== Directions ==
Beginning with the first line below, please restate each line exactly, down to and including the line containing "Featuring a pair".

== Source material ==
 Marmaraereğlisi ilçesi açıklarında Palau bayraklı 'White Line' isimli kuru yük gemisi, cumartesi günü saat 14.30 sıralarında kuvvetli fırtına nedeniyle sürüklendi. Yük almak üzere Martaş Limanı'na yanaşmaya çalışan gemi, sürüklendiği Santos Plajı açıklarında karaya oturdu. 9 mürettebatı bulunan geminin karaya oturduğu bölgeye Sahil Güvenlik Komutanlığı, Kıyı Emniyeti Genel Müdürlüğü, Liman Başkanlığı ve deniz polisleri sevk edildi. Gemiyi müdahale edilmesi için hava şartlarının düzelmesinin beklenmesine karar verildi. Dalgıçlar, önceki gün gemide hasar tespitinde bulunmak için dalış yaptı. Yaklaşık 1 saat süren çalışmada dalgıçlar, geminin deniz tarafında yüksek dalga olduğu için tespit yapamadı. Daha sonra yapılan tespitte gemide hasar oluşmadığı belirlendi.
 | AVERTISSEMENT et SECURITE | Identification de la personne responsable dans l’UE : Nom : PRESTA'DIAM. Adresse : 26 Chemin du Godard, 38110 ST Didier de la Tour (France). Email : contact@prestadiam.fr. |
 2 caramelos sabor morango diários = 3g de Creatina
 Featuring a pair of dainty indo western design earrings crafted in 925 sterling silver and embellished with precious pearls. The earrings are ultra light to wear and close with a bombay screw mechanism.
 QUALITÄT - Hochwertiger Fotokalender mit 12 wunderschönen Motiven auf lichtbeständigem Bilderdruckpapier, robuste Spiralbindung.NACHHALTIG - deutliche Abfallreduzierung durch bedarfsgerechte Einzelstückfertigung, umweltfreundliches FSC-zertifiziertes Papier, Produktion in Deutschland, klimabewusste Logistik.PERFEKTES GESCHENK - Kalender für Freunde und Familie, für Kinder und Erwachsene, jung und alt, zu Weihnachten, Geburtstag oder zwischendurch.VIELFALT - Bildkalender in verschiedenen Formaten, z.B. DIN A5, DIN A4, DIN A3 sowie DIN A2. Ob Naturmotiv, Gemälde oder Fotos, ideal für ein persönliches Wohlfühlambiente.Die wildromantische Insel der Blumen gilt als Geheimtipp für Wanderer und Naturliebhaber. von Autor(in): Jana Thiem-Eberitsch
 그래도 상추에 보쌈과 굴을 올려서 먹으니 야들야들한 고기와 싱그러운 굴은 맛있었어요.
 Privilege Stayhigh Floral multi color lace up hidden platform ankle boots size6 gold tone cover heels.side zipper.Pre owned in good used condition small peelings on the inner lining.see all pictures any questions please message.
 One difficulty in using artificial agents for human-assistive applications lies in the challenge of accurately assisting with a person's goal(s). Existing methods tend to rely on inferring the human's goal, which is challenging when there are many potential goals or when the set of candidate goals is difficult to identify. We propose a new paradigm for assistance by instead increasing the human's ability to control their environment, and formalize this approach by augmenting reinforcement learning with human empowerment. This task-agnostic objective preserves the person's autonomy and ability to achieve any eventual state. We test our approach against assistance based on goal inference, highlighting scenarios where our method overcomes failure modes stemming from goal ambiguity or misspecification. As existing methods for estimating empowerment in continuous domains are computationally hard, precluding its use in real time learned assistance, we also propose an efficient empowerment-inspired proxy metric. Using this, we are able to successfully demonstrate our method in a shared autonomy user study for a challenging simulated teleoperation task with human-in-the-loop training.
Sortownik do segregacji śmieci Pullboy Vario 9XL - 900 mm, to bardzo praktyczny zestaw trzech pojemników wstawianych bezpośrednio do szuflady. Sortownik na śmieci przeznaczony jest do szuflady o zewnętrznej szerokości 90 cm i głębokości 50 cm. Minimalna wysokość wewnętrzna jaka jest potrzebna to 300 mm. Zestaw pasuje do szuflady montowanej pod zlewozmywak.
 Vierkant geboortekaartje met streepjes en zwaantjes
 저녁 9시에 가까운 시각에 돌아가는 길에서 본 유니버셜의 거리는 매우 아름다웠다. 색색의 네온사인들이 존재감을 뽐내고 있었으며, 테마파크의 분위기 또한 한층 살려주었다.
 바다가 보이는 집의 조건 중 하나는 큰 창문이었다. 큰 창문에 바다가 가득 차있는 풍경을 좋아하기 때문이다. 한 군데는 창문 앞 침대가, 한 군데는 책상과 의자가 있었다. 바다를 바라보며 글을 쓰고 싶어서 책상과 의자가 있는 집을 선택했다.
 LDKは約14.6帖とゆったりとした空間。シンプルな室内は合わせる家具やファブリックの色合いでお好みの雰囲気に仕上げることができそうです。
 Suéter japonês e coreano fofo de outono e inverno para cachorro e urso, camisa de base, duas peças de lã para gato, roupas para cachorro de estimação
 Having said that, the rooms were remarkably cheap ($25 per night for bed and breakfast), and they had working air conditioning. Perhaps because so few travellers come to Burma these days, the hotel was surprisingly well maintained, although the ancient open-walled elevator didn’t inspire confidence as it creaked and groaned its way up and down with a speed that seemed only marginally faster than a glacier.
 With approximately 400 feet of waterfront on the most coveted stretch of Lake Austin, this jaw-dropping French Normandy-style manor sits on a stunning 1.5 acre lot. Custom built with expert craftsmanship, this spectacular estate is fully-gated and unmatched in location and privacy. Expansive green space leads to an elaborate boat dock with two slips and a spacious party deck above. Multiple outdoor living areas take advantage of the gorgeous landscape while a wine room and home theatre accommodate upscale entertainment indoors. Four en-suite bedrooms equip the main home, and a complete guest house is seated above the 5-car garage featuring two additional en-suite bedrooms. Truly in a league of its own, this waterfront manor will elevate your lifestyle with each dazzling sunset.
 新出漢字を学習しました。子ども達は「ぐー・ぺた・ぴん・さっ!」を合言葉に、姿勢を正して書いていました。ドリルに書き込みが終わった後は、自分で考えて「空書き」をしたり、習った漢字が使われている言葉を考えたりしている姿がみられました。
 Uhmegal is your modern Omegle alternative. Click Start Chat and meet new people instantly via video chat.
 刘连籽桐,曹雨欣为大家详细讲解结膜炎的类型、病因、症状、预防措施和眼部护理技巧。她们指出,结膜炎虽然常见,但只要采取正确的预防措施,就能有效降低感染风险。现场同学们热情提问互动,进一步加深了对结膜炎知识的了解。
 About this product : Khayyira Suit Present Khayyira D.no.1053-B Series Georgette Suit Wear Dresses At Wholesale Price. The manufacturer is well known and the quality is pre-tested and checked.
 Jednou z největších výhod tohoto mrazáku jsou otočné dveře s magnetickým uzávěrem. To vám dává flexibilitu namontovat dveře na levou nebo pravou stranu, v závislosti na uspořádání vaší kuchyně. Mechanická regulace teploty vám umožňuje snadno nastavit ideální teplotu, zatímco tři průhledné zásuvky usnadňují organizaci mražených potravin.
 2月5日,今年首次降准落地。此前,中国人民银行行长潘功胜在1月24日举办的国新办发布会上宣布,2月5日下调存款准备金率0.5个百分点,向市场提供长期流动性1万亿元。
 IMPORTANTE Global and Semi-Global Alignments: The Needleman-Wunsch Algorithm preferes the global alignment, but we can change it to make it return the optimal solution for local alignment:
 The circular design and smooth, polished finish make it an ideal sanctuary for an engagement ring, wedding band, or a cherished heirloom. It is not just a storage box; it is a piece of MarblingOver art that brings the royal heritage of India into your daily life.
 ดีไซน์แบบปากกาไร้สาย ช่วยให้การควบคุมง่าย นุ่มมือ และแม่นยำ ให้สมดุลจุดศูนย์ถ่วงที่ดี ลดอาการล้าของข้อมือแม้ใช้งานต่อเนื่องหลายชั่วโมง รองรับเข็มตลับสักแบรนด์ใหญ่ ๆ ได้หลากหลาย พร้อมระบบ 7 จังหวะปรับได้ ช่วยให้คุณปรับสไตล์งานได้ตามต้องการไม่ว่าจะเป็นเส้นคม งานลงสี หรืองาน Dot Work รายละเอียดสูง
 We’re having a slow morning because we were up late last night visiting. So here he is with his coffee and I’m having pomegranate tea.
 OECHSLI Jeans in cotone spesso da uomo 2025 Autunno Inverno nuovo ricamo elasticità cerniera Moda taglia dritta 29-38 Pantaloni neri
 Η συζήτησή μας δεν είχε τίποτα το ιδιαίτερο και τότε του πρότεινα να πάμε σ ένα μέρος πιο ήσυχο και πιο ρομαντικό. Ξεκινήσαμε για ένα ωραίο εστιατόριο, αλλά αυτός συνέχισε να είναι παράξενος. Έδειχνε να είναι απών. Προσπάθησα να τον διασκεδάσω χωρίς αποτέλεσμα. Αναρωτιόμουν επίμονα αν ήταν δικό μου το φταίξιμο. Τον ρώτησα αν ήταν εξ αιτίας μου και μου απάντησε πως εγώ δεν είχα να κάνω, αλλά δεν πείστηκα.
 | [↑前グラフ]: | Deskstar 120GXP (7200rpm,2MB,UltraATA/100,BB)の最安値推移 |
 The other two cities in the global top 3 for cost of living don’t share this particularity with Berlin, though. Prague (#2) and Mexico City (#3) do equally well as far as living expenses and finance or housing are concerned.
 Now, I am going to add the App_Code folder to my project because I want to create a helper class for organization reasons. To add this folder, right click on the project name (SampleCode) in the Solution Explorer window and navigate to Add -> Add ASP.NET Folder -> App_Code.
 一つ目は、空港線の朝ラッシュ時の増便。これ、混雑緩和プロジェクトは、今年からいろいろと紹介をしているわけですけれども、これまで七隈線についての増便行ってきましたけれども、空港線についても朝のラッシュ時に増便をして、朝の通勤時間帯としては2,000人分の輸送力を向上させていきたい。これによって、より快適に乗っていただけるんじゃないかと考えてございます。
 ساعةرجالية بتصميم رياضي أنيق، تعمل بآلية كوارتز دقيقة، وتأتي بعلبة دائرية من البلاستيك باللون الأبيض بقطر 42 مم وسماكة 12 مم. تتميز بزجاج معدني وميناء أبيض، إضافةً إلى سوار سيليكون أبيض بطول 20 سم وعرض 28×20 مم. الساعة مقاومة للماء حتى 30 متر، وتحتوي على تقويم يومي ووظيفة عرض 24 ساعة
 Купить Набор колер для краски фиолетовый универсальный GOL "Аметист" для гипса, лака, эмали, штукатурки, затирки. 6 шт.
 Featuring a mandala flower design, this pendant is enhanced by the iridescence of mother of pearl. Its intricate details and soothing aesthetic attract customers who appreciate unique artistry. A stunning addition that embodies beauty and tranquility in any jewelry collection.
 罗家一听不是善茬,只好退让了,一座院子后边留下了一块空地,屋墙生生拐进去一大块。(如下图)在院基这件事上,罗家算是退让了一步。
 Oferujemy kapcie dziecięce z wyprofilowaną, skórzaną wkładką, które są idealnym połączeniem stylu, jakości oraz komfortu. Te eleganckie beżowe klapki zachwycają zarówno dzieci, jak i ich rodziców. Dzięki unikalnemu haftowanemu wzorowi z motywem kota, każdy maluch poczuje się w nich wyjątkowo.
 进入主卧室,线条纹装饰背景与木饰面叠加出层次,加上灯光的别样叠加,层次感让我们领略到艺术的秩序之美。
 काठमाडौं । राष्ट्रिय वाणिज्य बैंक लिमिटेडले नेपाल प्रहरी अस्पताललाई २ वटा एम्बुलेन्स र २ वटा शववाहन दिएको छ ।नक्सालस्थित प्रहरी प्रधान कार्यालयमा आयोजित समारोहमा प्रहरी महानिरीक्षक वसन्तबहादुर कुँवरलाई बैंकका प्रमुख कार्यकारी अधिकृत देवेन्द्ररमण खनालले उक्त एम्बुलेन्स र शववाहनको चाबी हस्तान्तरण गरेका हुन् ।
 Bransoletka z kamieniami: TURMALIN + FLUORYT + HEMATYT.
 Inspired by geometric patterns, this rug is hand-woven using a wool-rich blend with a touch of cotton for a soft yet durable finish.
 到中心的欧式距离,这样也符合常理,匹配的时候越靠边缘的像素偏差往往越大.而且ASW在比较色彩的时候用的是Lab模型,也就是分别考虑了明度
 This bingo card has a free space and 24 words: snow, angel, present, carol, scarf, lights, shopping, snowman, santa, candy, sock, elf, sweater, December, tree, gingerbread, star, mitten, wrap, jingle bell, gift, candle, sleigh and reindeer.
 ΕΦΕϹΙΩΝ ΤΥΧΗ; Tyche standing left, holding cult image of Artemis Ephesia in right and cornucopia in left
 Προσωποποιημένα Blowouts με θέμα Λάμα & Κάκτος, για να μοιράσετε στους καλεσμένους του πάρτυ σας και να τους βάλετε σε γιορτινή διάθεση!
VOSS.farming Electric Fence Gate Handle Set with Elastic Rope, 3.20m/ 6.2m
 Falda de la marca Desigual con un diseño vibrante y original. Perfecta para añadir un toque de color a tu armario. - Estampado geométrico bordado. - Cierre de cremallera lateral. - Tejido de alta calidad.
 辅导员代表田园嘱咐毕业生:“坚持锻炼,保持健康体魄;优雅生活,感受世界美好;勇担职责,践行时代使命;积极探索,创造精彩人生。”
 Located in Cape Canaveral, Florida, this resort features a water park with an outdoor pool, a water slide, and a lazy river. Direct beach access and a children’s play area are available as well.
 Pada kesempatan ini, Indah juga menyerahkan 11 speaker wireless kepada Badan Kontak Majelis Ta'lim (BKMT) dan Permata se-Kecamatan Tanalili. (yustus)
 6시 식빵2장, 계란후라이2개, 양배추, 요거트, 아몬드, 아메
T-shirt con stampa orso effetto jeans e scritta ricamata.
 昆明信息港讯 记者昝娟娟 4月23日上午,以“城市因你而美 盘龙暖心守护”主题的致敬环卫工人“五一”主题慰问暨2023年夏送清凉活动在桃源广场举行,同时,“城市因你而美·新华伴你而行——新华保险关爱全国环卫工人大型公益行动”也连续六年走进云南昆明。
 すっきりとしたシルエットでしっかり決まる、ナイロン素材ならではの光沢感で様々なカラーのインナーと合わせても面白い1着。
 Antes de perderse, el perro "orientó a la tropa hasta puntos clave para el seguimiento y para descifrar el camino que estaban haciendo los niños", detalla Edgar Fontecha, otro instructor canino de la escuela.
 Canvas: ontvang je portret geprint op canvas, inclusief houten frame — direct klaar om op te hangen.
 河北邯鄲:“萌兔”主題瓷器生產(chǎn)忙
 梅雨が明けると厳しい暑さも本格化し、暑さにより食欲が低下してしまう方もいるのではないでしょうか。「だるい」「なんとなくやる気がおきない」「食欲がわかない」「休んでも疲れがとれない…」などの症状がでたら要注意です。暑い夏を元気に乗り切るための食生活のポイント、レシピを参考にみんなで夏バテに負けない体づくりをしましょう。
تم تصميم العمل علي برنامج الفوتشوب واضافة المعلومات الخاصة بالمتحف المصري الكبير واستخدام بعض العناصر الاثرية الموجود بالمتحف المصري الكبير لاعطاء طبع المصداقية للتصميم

== Response to this exercise ==
 Marmaraereğlisi ilçesi açıklarında Palau bayraklı 'White Line' isimli kuru yük gemisi, cumartesi günü saat 14.30 sıralarında kuvvetli fırtına nedeniyle sürüklendi. Yük almak üzere Martaş Limanı'na yanaşmaya çalışan gemi, sürüklendiği Santos Plajı açıklarında karaya oturdu. 9 mürettebatı bulunan geminin karaya oturduğu bölgeye Sahil Güvenlik Komutanlığı, Kıyı Emniyeti Genel Müdürlüğü, Liman Başkanlığı ve deniz polisleri sevk edildi. Gemiyi müdahale edilmesi için hava şartlarının düzelmesinin beklenmesine karar verildi. Dalgıçlar, önceki gün gemide hasar tespitinde bulunmak için dalış yaptı. Yaklaşık 1 saat süren çalışmada dalgıçlar, geminin deniz tarafında yüksek dalga olduğu için tespit yapamadı. Daha sonra yapılan tespitte gemide hasar oluşmadığı belirlendi.
 | AVERTISSEMENT et SECURITE | Identification de la personne responsable dans l’UE : Nom : PRESTA'DIAM. Adresse : 26 Chemin du Godard, 38110 ST Didier de la Tour (France). Email : contact@prestadiam.fr. |
 2 caramelos sabor morango diários = 3g de Creatina
 Featuring a pair of dainty indo western design earrings crafted in 925 sterling silver and embellished with precious pearls. The earrings are ultra light to wear and close with a bombay screw mechanism.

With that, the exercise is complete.